Sunday, 12 August 2018

‘I am the bread of life. Whoever
comes to me will never
be hungry, and whoever believes
in me will never be thirsty’

‘This is the bread that comes down from heaven, so that one may eat of it and not die’ (John 6: 50) … bread prepared on Saturday for the Sunday Liturgy in Ouranoupolis, near Mount Athos (Photograph: Patrick Comerford, 2018)

Patrick Comerford

Sunday 12 August 2018,

The Eleventh Sunday after Trinity (Proper 14B).


11.30 a.m., Morning Prayer, Holy Trinity Church, Rathkeale, Co Limerick.

Readings: II Samuel 18: 5-9, 15, 31-33; Psalm 130; Ephesians 4: 25 to 5: 2; John 6: 35, 41-51.

David and Absalom (Marc Chagall, 1956)

May I speak to you in the name of God, + Father, Son and Holy Spirit.
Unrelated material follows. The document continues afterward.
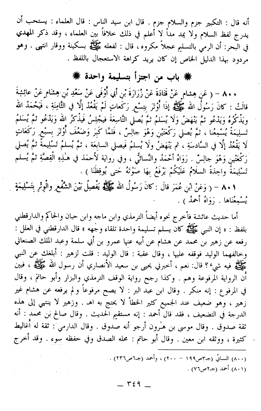 800 - (عَنْ هِشَامٍ عَنْ قَتَادَةَ عَنْ زُرَارَةَ بْنِ أَبِي أَوْفَى عَنْ سَعْدِ بْنِ هِشَامٍ عَنْ عَائِشَةَ قَالَتْ: «كَانَ رَسُولُ اللَّهِ - صَلَّى اللَّهُ عَلَيْهِ وَسَلَّمَ - إذَا أَوْتَرَ بِتِسْعِ رَكَعَاتٍ لَمْ يَقْعُدْ إلَّا فِي الثَّامِنَةِ، فَيَحْمَدُ اللَّهَ وَيَذْكُرُهُ وَيَدْعُو ثُمَّ يَنْهَضُ وَلَا يُسَلِّمُ ثُمَّ يُصَلِّي التَّاسِعَةَ فَيَجْلِسُ فَيَذْكُرُ اللَّهَ وَيَدْعُو ثُمَّ يُسَلِّمُ تَسْلِيمَةً يُسْمِعُنَا، ثُمَّ يُصَلِّي رَكْعَتَيْنِ وَهُوَ جَالِسٌ، فَلَمَّا كَبُرَ وَضَعُفَ أَوْتَرَ بِسَبْعِ رَكَعَاتٍ لَا يَقْعُدُ إلَّا فِي السَّادِسَةِ، ثُمَّ يَنْهَضُ وَلَا يُسَلِّمُ فَيُصَلِّي السَّابِعَةَ، ثُمَّ يُسَلِّمُ تَسْلِيمَةً ثُمَّ يُصَلِّي رَكْعَتَيْنِ وَهُوَ جَالِسٌ» . رَوَاهُ أَحْمَدُ وَالنَّسَائِيُّ، وَفِي رِوَايَةٍ لِأَحْمَدَ فِي هَذِهِ الْقِصَّةِ «ثُمَّ يُسَلِّمُ تَسْلِيمَةً وَاحِدَةً السَّلَامُ عَلَيْكُمْ يَرْفَعُ بِهَا صَوْتَهُ حَتَّى يُوقِظَنَا» .

Amen.

One of the reasons I find many people say they are turned off the Old Testament is the amount of violence they find in it.

People who seem to have no problems watching boxers punch each other around the head in the ring, or watching ‘mixed martial arts,’ have real problems when it comes to stories in the Old Testament of wars, murders and battles.
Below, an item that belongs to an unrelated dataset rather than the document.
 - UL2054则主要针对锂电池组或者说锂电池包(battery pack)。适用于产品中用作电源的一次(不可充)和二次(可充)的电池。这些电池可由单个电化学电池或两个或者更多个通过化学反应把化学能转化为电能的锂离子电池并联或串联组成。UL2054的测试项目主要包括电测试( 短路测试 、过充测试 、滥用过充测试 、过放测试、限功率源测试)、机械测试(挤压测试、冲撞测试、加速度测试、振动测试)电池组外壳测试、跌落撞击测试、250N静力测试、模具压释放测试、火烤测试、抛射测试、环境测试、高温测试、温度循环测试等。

And we have them all in our Old Testament reading this morning (II Samuel 18: 5-9, 15, 31-33).

It is a story of violence: father and son fighting each other after son has violated sister; mercenaries brought in; pitched battles with slaughter and overkill – in those days a battle force of 20,000 amounted to weapons of mass destruction in the Middle East.

After speaking at the Hiroshima Day commemorations in Dublin last Monday [6 August 2018], I am only too aware that trying to find religious meaning in all of this, with our modern approaches to issues of justice and peace, is such a difficult task.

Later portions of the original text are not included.